At the Time of Gladness
Emma died on November 18th, soon after her 52nd birthday, after a brief (six months!) and deeply suffered illness. She was for all of us (her family and her friends in the community) a great witness to the “inexorable positivity of reality,” capable, in this way, of transforming into grace something that is normally considered a disaster, to the point of telling those who came to see her, two days before her death, “Remember that our history is a beautiful one, that’s all!” She wrote this letter on October 30th to her colleagues in the middle school where she taught literature:

Dearest friends, I write to you, whenever possible, with great joy, because I feel the desire to express to you my affection and appreciation for your interest and attention to me in these months. All this has made me understand how important you all are to me! Now that my life has had to take a pause, I want you to know that I miss the school, the kids, you, seeing each other every day, and our encounters that are sometimes intense, sometimes fleeting, when we would tell each other about everything that happened to us in our daily lives.

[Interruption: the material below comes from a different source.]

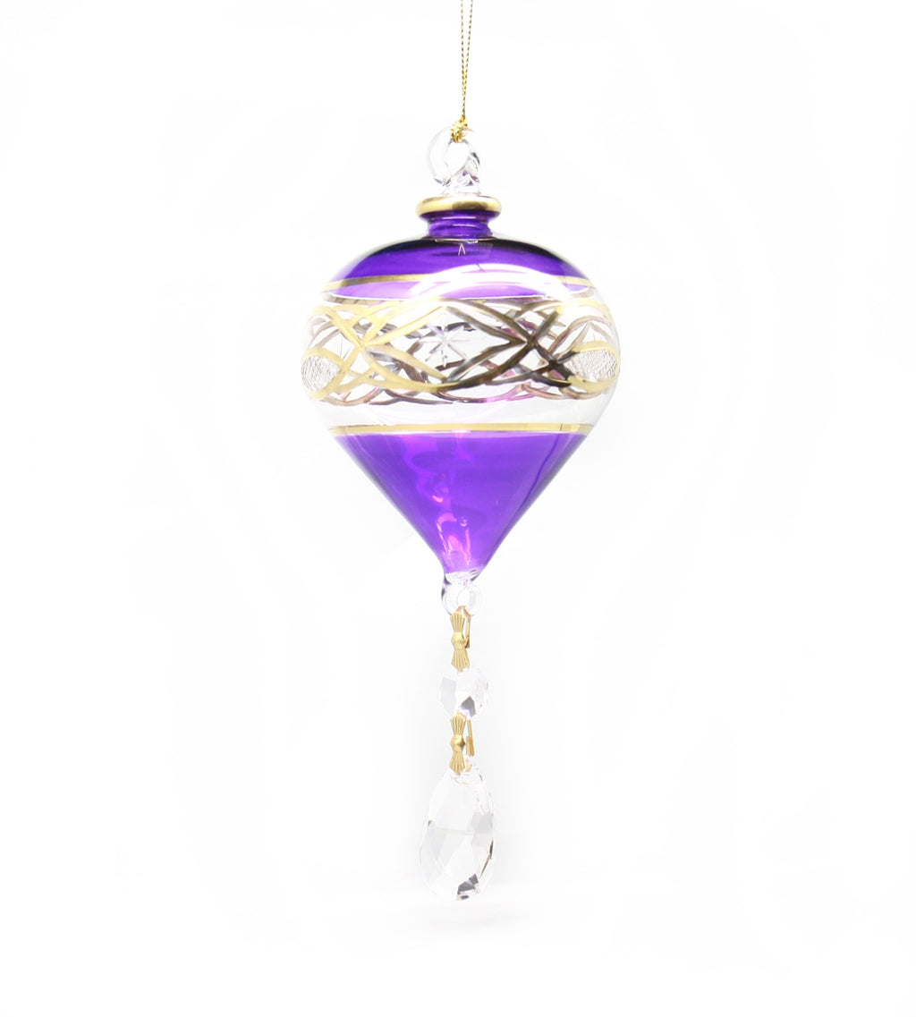 This stunning ornament combines the classic elegance of a handblown glass bauble with the sparkle of hanging crystal droplets. Crafted from German Pyrex glass in Egypt, it’s painted in a regal violet hue and oven-baked to seal in its vivid color. A band of intricate engraved scrollwork wraps around the clear midsection, while real 24K gold rings accent both the top and base, adding a touch of opulent warmth. Two faceted crystal drops linked by gold-tone connectors hang beneath, catching and refracting tree lights for an almost chandelier-like glow.

But thinking it over, it is as though this network of relationships has not been taken away from me, but rather left forever, fixed in a wider, undefined time, where your faces are always there ready to come into contact with me at any moment. It is just this dimension that I have been given to live which enables me to face everything with gladness, never feeling that I am alone, and to experience a richness and fullness of life that I would never have been able to imagine before. All this gives a greater and truer value to all the reality around me and gives a meaning to everything! I feel you close to me. I hug you all.